Records from a collection

▬▬▬▬▬▬

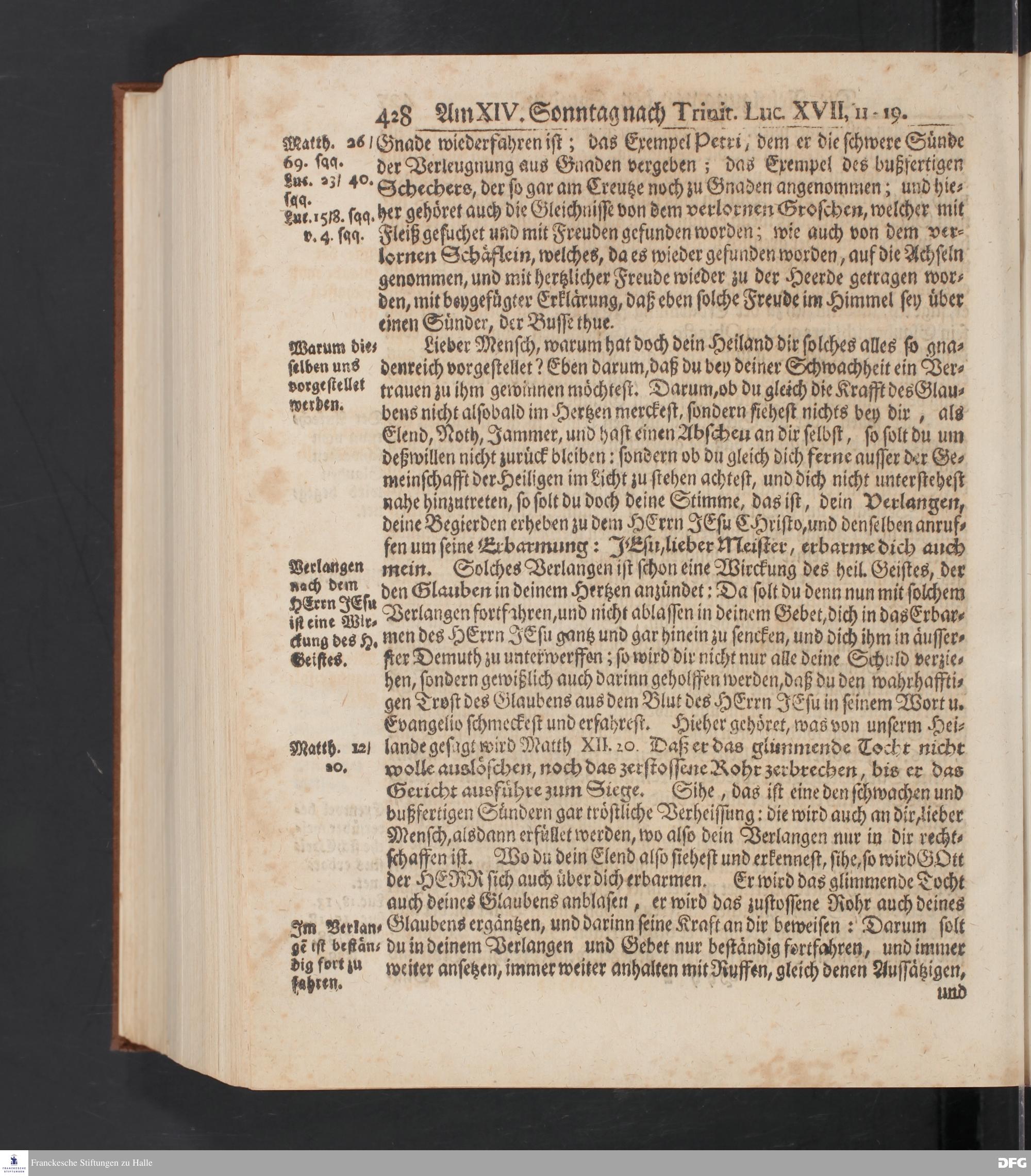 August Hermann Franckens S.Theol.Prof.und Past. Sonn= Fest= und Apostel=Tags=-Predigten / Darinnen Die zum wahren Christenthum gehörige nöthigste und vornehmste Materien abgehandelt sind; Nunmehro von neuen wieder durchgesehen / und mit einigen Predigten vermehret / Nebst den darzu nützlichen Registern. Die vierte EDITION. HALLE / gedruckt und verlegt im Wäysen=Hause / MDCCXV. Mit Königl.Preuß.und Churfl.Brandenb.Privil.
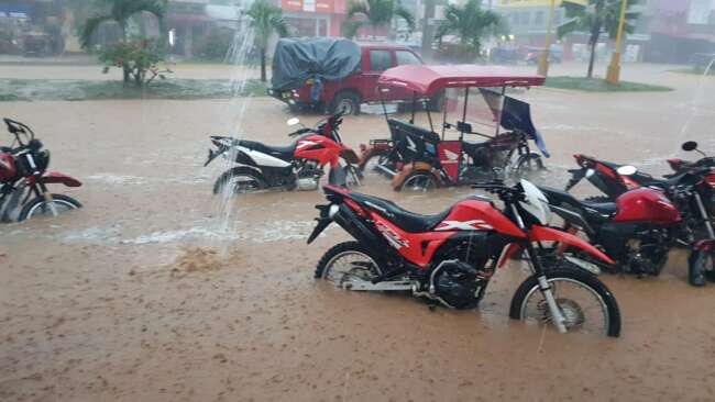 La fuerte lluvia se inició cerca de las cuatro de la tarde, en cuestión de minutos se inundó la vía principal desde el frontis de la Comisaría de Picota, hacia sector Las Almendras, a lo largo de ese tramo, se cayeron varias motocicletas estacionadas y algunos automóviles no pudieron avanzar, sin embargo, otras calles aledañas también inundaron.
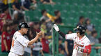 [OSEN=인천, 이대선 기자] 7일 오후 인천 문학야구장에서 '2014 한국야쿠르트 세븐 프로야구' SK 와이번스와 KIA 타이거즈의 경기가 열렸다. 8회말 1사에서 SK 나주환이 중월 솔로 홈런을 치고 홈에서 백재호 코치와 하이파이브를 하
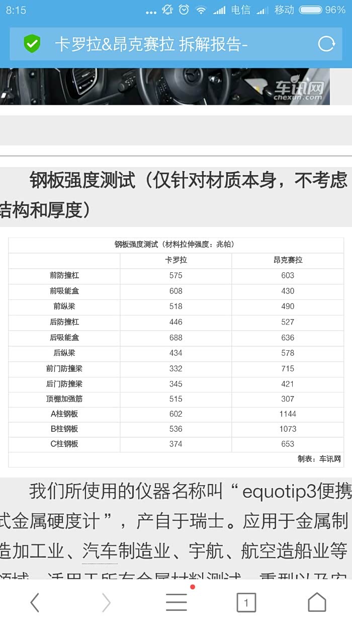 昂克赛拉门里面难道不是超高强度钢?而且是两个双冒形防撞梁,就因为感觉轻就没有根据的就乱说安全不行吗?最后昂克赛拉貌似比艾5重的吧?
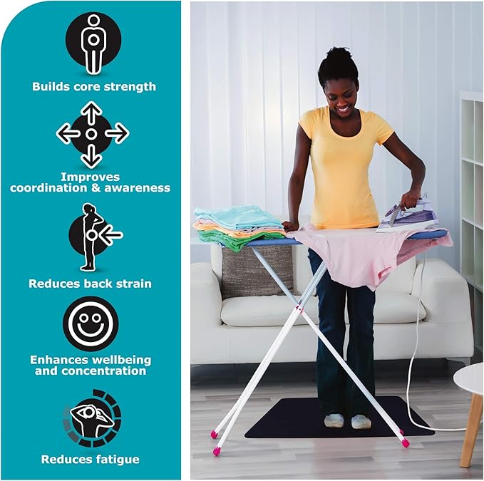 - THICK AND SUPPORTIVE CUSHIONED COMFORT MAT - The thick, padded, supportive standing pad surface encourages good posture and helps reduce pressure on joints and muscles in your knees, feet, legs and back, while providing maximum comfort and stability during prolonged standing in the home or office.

▬▬▬▬▬▬

- _Exercise instructions_: Please return, without any change, the lines from the line containing "昂克赛拉门里面难道不是超高强" through the last line of the entries, dropping the pictures.

- _Exercise solution_:
 昂克赛拉门里面难道不是超高强度钢?而且是两个双冒形防撞梁,就因为感觉轻就没有根据的就乱说安全不行吗?最后昂克赛拉貌似比艾5重的吧?
 - THICK AND SUPPORTIVE CUSHIONED COMFORT MAT - The thick, padded, supportive standing pad surface encourages good posture and helps reduce pressure on joints and muscles in your knees, feet, legs and back, while providing maximum comfort and stability during prolonged standing in the home or office.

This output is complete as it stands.